The good news is that green entrepreneurs and investors will get another chance. Fairleigh Dickinson University, in conjunction with the National Collegiate Inventors and Innovators Alliance, is hosting a symposium and expo “Growing the Next Generation of Green Ventures,” on Friday, May 2, at 8 a.m. at the Floram campus. Cost: $85. Visit www.invention2venture.org.
The program is designed to foster green entrepreneurship by coupling inventors, entrepreneurs, and financiers, plus academic and business leaders. The workshop will include a series of panels ranging from “Business Essentials” to “Green Tech Investing,” in which Marikar will take part.

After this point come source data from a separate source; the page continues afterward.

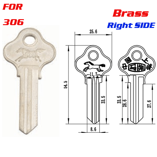 / F-168 Brass Thickness 2.0mm 306 door key Blank Right SIDE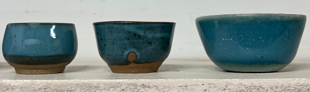 First, I want to show you a few of the results from my glaze, which I’m thrilled with. I used various combinations and techniques to apply glaze for these, so it’s so cool to see them all next to each other. The two pieces on the left are tea bowls, and I love how their forms turned out. I also love the finger marks I left on the middle piece because they add a really personal touch.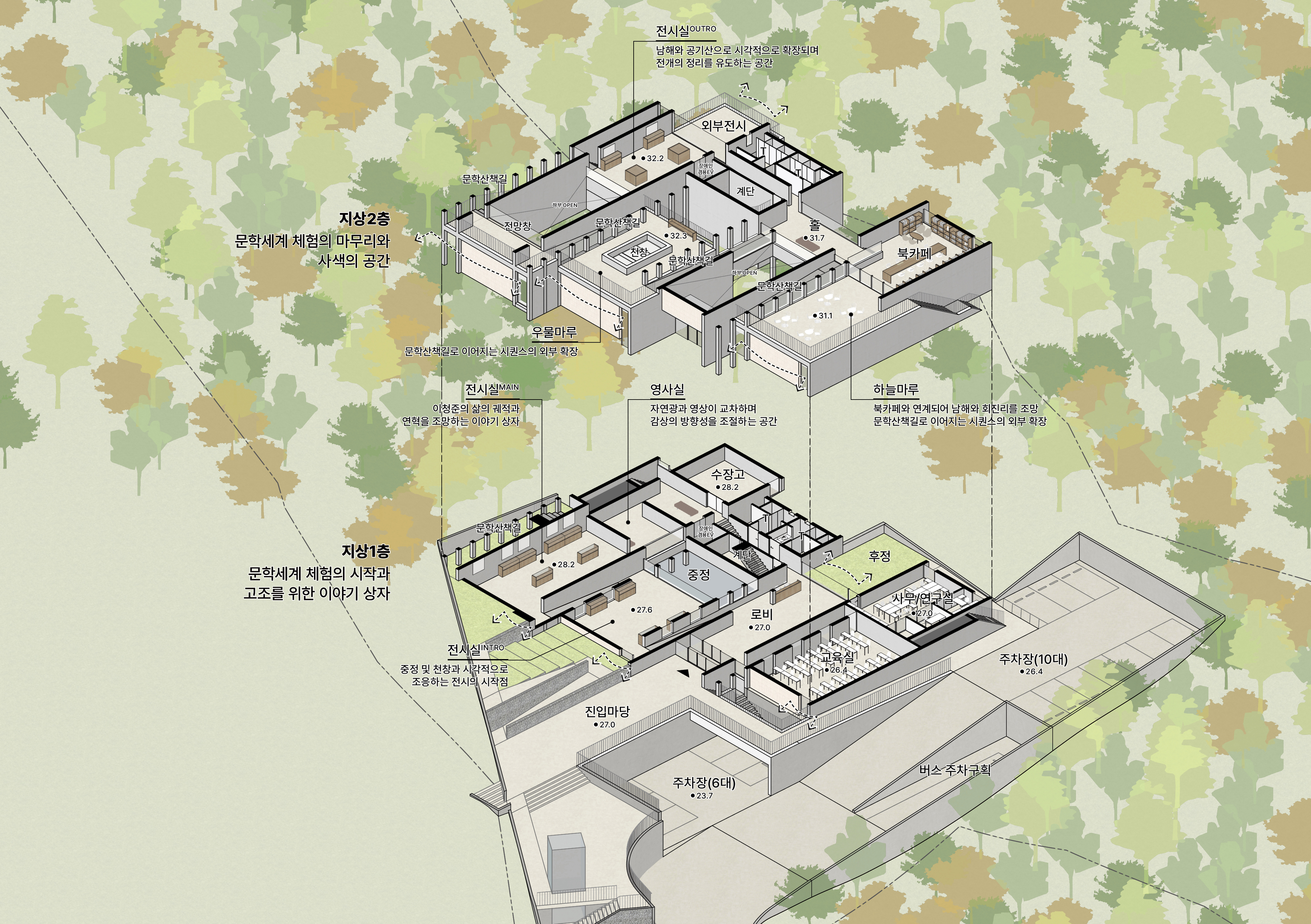 문학 형식의 건축화를 위해 이청준 작가가 소설에 주로 활용한 액자식 구성을 재해석하여, 이를 '중첩된 이야기 상자'의 3차원적 구조로 환원한다. 즉, 소설의 문학적 특징을 건축적으로 차용함으로써 이청준 문학세계를 온전히 구현한다. 개별 이야기 상자에 주어진 전시 및 부속 프로그램을 충실히 수용하고 이를 시지각적으로 연결하여 유기적인 체험을 유도한다.

Marikar grew up in southern India, the child of a shipping magnate with a strong scientific bent. Quadrilingual by age 10, Marikar followed his grandfather’s urgings and attended the Indian Institute of Science in Bangelore, earning a bachelor’s in chemistry and Ph.D. in engineering. He then moved to London, and in the late 1970s completed postdoctoral work on better batteries for electric cars. He continued this study as a professor at Rensselaer Polytechnic Institute, in Troy, New York, and then for Gould Inc. in Chicago.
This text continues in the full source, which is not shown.